Investigated does not mean proven. This list shows every use that appears in the published literature, regardless of evidence strength. See the grade matrix above for which ones have actually held up.

  • Cancer cachexia (NSCLC, colorectal, NHL, CLL, breast) — lean body mass endpoint

    Phase 3 LBM endpoint met (POWER1/POWER2, 2013); muscle-function endpoint failed; FDA did not approve

  • Cancer cachexia — muscle function / physical performance endpoint

    Failed Phase 3 co-primary (stair climb power)
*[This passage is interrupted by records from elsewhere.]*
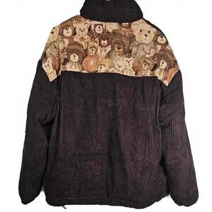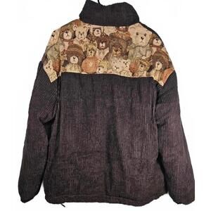 Stay warm and stylish with this charming corduroy jacket featuring a delightful bear-themed design. Perfect for chilly days, this jacket boasts:
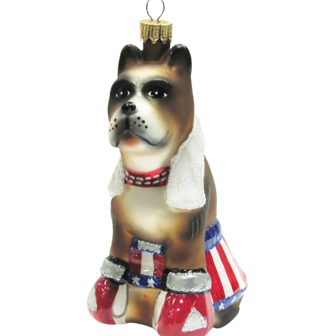 Add a touch of elegance and charm to your home décor with the exquisite Glass Boxer Dog figurine. Standing at approx. 10.2cm (4 inches) tall, this hand decorated blown glass masterpiece is carefully crafted by the renowned Krebs Glas Lauscha GmbH of Germany. Whether you are a collector or simply appreciate fine art, this stunning boxer dog hanging trim is a must have addition to your collection. Perfect for gifting to a loved one who is a fan of the Rocky films or simply adores dogs, this exquisite piece is sure to be cherished for years to come. Bring a touch of sophistication to any room with the unique and beautiful Glass Boxer Dog trim.
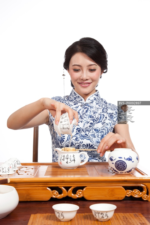 图片标题:     棚拍身穿旗袍的年轻女人茶艺表演
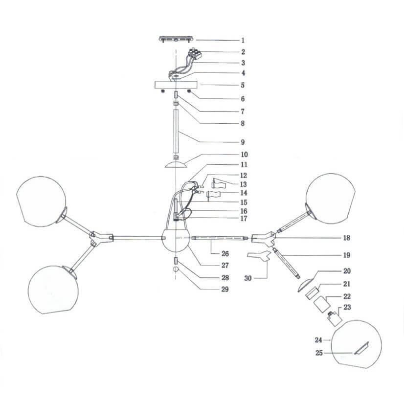 Производитель светильника рекомендует для устройства 6 ламп накаливания с цоколем E27 и мощностью 40 W, что позволит осветить помещение площадью кв.м. Габариты изделия: высота – 380 мм, диаметр – 940 мм.
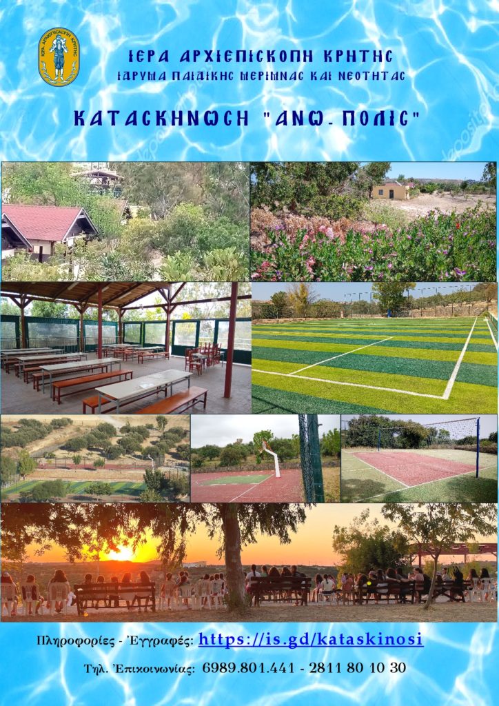 Με ιδιαίτερη χαρά σας ενημερώνουμε ότι θα λειτουργήσουν και εφέτος οι Κατασκηνώσεις «ΑΝΩ ΠΟΛΙΣ» της Ιεράς Αρχιεπισκοπής Κρήτης στην Ανώπολη Πεδιάδος, οι οποίες είναι έτοιμες να υποδεχθούν ξανά τους μικρούς μας φίλους στις ανακαινισμένες εγκαταστάσεις τους και να γίνουν τόπος συνάντησης, παιχνιδιού, χαράς, ξεκούρασης, γνωριμίας με τη φύση αλλά και πνευματικής αναγέννησης στην Ορθόδοξη παράδοσή μας, μακριά από την πολύβουη και μονότονη καθημερινότητα των πόλεων.

  • Sarcopenia in healthy elderly and postmenopausal women

    Phase 2 positive (Dalton 2011); development discontinued

  • Stress urinary incontinence in postmenopausal women

    Phase 3 ASTRID active on ClinicalTrials.gov (sponsor Veru) as of April 2026; no published efficacy readout

  • AR+ triple-negative and AR+/ER+ metastatic breast cancer

    Open-label and Phase 2 program continues under Veru; no published Phase 3 efficacy readout

  • Osteoporosis / fracture healing

    Preclinical only (Komrakova 2020 aged-male rat model; Roch 2020 ovariectomized rat)

  • Insulin sensitivity / metabolic syndrome adjunct

    Phase 2 metabolic signal (Dalton 2011); no dedicated trial

  • Pharmacokinetic drug-drug interactions

    Characterized versus itraconazole, rifampin, probenecid, celecoxib, rosuvastatin (Nanda 2016)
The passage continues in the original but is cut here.